Ona göre insan Tanrı’nın yarattığı en kutsal ve değerli varlıktır ve insanca yaşamak için medeniyet yolunda çalışılmalı medeniyetçi olunmalıdır. Hem dünya hem de ahiret hayatı için milletimizin fertleri medeniyetçi olmalıdır.

“Dünya nimetlerinden yararlanmak istiyorsanız, bu dünyanın da öbür dünyanın da efendisi olmak istiyorsanız, medeniyetçilik kavgasını yapacaksınız. Bu dünyanın da öbür dünyanın da efendisi olmak istiyorsanız… Çünkü Kuran‟a göre insan efendidir. O efendinin gerçekten efendi olarak yaşamasını istiyorsanız, medeniyetçilik kavgasını vereceksiniz.” (H. H. Fartlı kişisel iletişim 20 Nisan 2017).

“Yavrularınız, sadece sizin ümidiniz değil, bütün bir milletin geleceğidir. Aydınlığımızın medeniyetçilik mücadelemizin, çoğalan yıldız parçalarıdırlar.” (MEB, 1977).

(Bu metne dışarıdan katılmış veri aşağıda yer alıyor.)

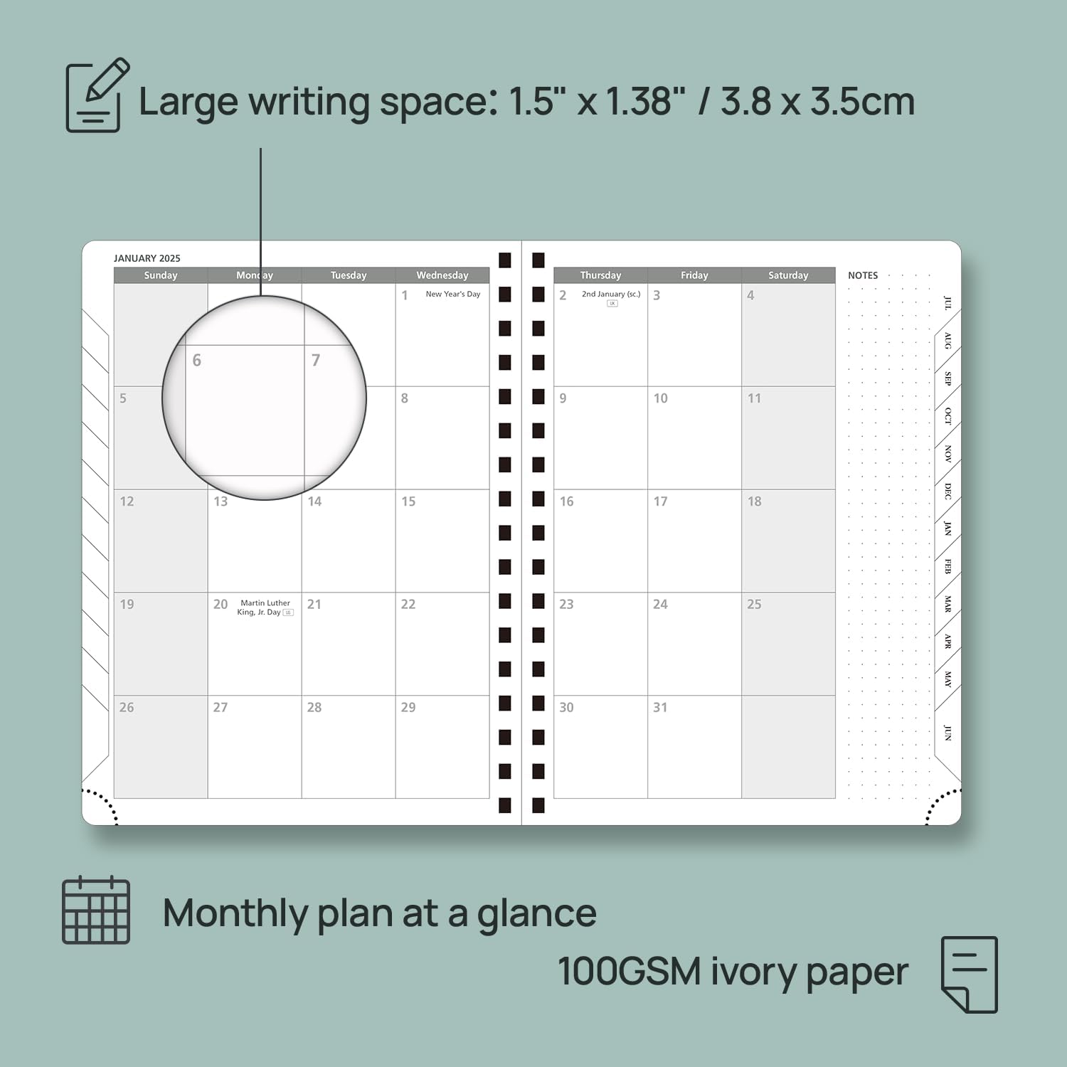 - EXTRA FUNCTION PAGES - Includes a 2025-2026 Yearly Overview, Holiday & Calendar, Monthly Expenses, Contact & Password pages, and 7 dotted notes pages for detailed jotting.

Bakanlığa veda konuşmasında çağdaş uygarlık yolunda öğretmenin önemine vurgu yapmış ve şunları söylemiştir:

“Milli kültürümüzün çağdaş uygarlığın üzerine çıkarılmasında yüce Türk öğretmeninin katkısı olduğundan hiç şüphem yoktur.” (MEB, 1977).

Medeniyetçilik anlayışı da yine milliyetçiliği ve Atatürkçülüğü ile aynı çizgide ve birbiriyle bağlantılıdır.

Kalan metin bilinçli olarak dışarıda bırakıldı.